Сколько хочешь... А сколько раз в день мы едим хлеб - три, четыре? Не меньше. И не надоедает! Любой продукт, даже самый изысканный деликатес, станет хуже горькой редьки, если его есть каждый день. Все приедается, кроме хлеба.
Мы привыкли к тому, что хлеб всегда есть. Мы имеем возможность выбирать тот хлеб, который нам больше нравится. Выбирать же сейчас есть из чего - у нас в стране выпекается около 800 сортов хлебобулочных изделий. Это же представить себе трудно - 800 сортов! Воистину на любой вкус1
Нынешнее поколение родившихся после войны понятия не имеет о том, что значит нет хлеба. Или мало хлеба. Никому даже в голову не приходит, что вдруг можно остаться без хлеба. Как это?! Ну, нет в одном магазине, весь разобрали - так есть в другом. Прошел лишний квартал и купил.
А мои сверстники помнят другие времена. Поэт М. Головенчиц в одном из своих стихотворений пишет:
Я вспоминаю очередь в ночи, Как замерзал, продрогший, полусонный, Слова старух: "Терпи, сынок, молчи", Лязг ножниц, обрезающих талоны. Четыре предрассветные часа, Потом в дверях отчаянную давку И сверстников голодные глаза, Прикованные к пыльному прилавку...
Да, хлеб выдавали по карточкам. И надо было выстоять в очереди долгие часы, чтобы получить свою краюшку. Не сколько хочешь, а лишь то, что тебе отмерено. Рабочему - 500, служащему - 400, иждивенцу - 300 граммов. А в Ленинграде во время блокады давали и того меньше- 125-250 граммов на едока. Полученный кусочек можно было съесть за несколько секунд тут же, у прилавка.
Даже в самые тяжкие времена в городе, хотя и помалу, но все же давали хлеб по карточкам. А в деревне?

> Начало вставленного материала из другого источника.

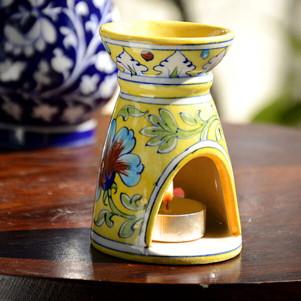 BLUE POTTERY YELLOW FLORAL SMALL OIL DIFFUSER / Aroma / Burner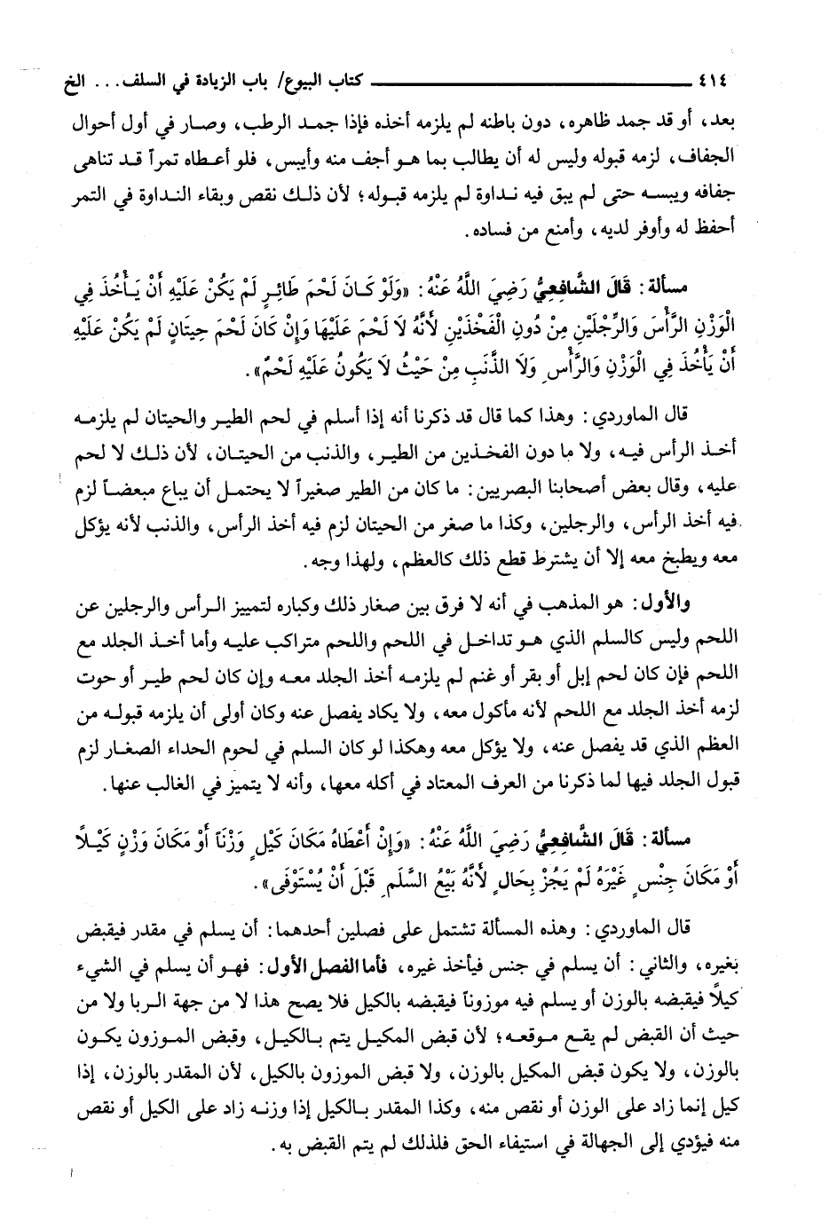 قال الشافعي رضي الله عنه: " وَلَوْ كَانَ لَحْمَ طَائِرٍ لَمْ يَكُنْ عَلَيْهِ أَنْ يَأْخُذَ فِي الْوَزْنِ الرَّأْسَ وَالرِّجْلَيْنِ مِنْ دُونِ الْفَخْذَيْنِ لِأَنَّهُ لَا لَحْمَ عَلَيْهَا وَإِنْ كَانَ لَحْمَ حِيتَانٍ لَمْ يَكُنْ عَلَيْهِ أَنْ يَأْخُذَ فِي الْوَزْنِ وَالرَّأْسِ وَلَا الذَّنَبِ مِنْ حَيْثُ لَا يَكُونُ عَلَيْهِ لَحْمٌ ". قَالَ الْمَاوَرْدِيُّ: وَهَذَا كَمَا قَالَ قَدْ ذَكَرْنَا أَنَّهُ إِذَا أَسْلَمَ فِي لَحْمِ الطَّيْرِ وَالْحِيتَانِ لَمْ يَلْزَمْهُ أَخْذُ الرَّأْسِ فِيهِ، وَلَا مَا دُونَ الْفَخْذَيْنِ مِنَ الطَّيْرِ، وَالذَّنَبِ مِنَ الْحِيتَانِ، لِأَنَّ ذَلِكَ لَا لَحْمَ عَلَيْهِ، وَقَالَ بَعْضُ أَصْحَابِنَا الْبَصْرِيِّينَ: مَا كَانَ مِنَ الطَّيْرِ صَغِيرًا لَا يَحْتَمِلُ أَنْ يُبَاعَ مُبَعَّضًا لَزِمَ فِيهِ أَخْذُ الرَّأْسِ، وَالرِّجْلَيْنِ، وَكَذَا مَا صَغُرَ مِنَ الْحِيتَانِ لَزِمَ فِيهِ أَخْذُ الرَّأْسِ، وَالذَّنَبِ لِأَنَّهُ يُؤْكَلُ مَعَهُ وَيُطْبَخُ مَعَهُ إِلَّا أَنْ يُشْتَرَطَ قَطْعُ ذَلِكَ كَالْعَظْمِ، وَلِهَذَا وَجْهٌ. وَالْأَوَّلُ: هُوَ الْمَذْهَبُ فِي أَنَّهُ لَا فَرْقَ بَيْنَ صِغَارِ ذَلِكَ وَكِبَارِهِ لِتَمْيِيزِ الرَّأْسِ وَالرِّجْلَيْنِ عَنِ اللَّحْمِ وَلَيْسَ كَالسَّلَمِ الَّذِي هُوَ تَدَاخُلٌ فِي اللَّحْمِ وَاللَّحْمُ مُتَرَاكِبٌ عَلَيْهِ وَأَمَّا أَخْذُ الْجِلْدِ مَعَ اللَّحْمِ فَإِنْ كَانَ لَحْمُ إِبِلٍ أَوْ بَقَرٍ أَوْ غَنَمٍ لَمْ يَلْزَمْهُ أَخْذُ الْجِلْدِ مَعَهُ وَإِنْ كَانَ لَحْمَ طَيْرٍ أَوْ حُوتٍ لَزِمَهُ أَخْذُ الْجِلْدِ مَعَ اللَّحْمِ لِأَنَّهُ مَأْكُولٌ مَعَهُ، وَلَا يَكَادُ يُفْصَلُ عَنْهُ وَكَانَ أَوْلَى أَنْ يَلْزَمَهُ قَبُولُهُ مِنَ الْعَظْمِ الَّذِي قَدْ يُفْصَلُ عَنْهُ، وَلَا يُؤْكَلُ مَعَهُ وَهَكَذَا لَوْ كَانَ السَّلَمُ فِي لُحُومِ الْحِدَاءِ الصِّغَارِ لَزِمَ قَبُولُ الْجِلْدِ فِيهَا لِمَا ذَكَرْنَا مِنَ الْعُرْفِ الْمُعْتَادِ فِي أَكْلِهِ مَعَهَا، وَأَنَّهُ لَا يَتَمَيَّزُ فِي الْغَالِبِ عَنْهَا.
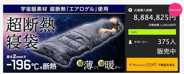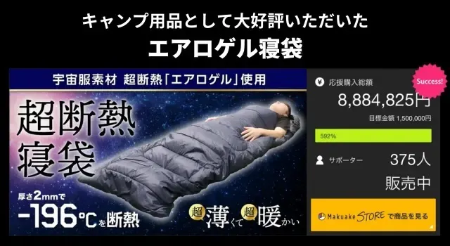 キャンプ用品第1弾として宇宙服素材を使用した超断熱寝袋「AERO WARM」(エアロウォーム)は800万円以上の支援をいただきスタッフ一同感謝感激しております。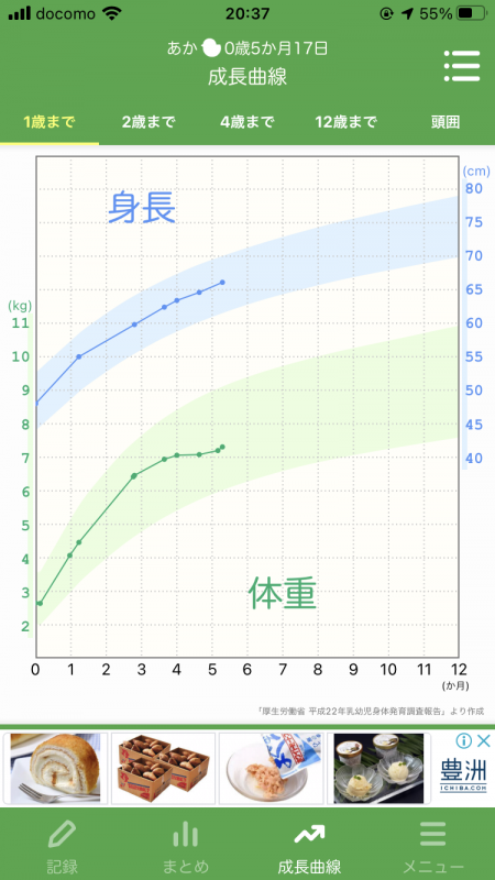 12/21に測った際には身長66.1センチ、体重7.31キロでした。その後も自宅で体重を測っていますが7.2キロに減っています。離乳食は5ヶ月になってすぐ始めました。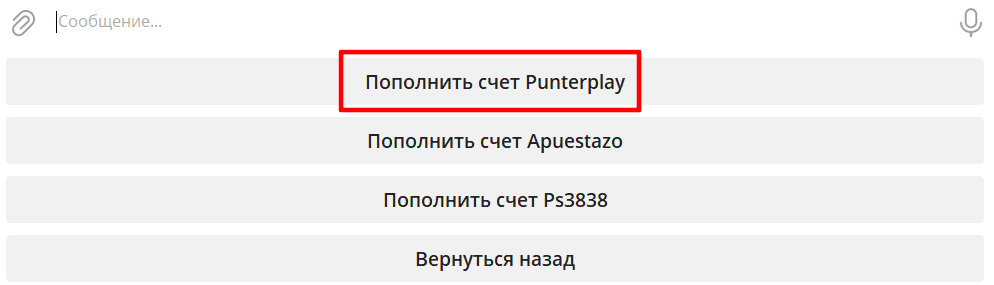 После чего, откроется меню с выбором игровой платформы, например “Пополнить счет Punterplay”: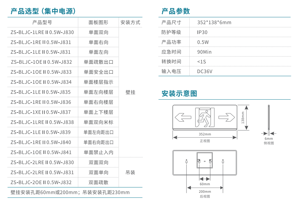 單面右向消防應急標志燈 | ZS-BLJC-1RE II 0.5W-J831 | 壁掛

Там никаких карточек не было, и люди обеспечивали себя хлебом сами, поскольку жили на земле, выращивали урожай. А если засуха, град или еще что, и урожая нет? Молоть нечего, печь хлеб не из чего. Тогда как?
Не испытав, не пережив, понять это трудно.
Помню (было мне лет семь-восемь), у нас, на верхней Волге, случился недород. Еще до коллективизации. Жили единолично. Каждая семья рассчитывала только на свои силы. Наша семья была большая, а работал фактически один отец. И в урожайные-то годы кое-как сводили концы с концами, а в тот год совсем туго пришлось. Особенно, когда подошла весна. Все запасы кончились. Мы собирали на полях, первыми освободившихся от снега, столбунцы, жарили их с солью и ели.
И вдруг мать испекла каравай. Караваем в наших краях называли не всякий хлеб, а особым образом выпеченный. Он отличался от обычного ржаного подового хлеба и видом своим, и качеством. Каравай замешивался на ржаной муке с непременным добавлением красного солода и выпекался в высокой конусообразной металлической форме, похожей на усеченное ведро, выпекался долго, и потому верхушка чернела, почти обугливалась. На вид он был совершенно темным, но очень вкусным, со сластинкой. К мясным зеленым щам - просто незаменим. Но мы любили и по-другому: краюху каравая полить постным маслом и слегка посыпать солью - это уже было лакомством!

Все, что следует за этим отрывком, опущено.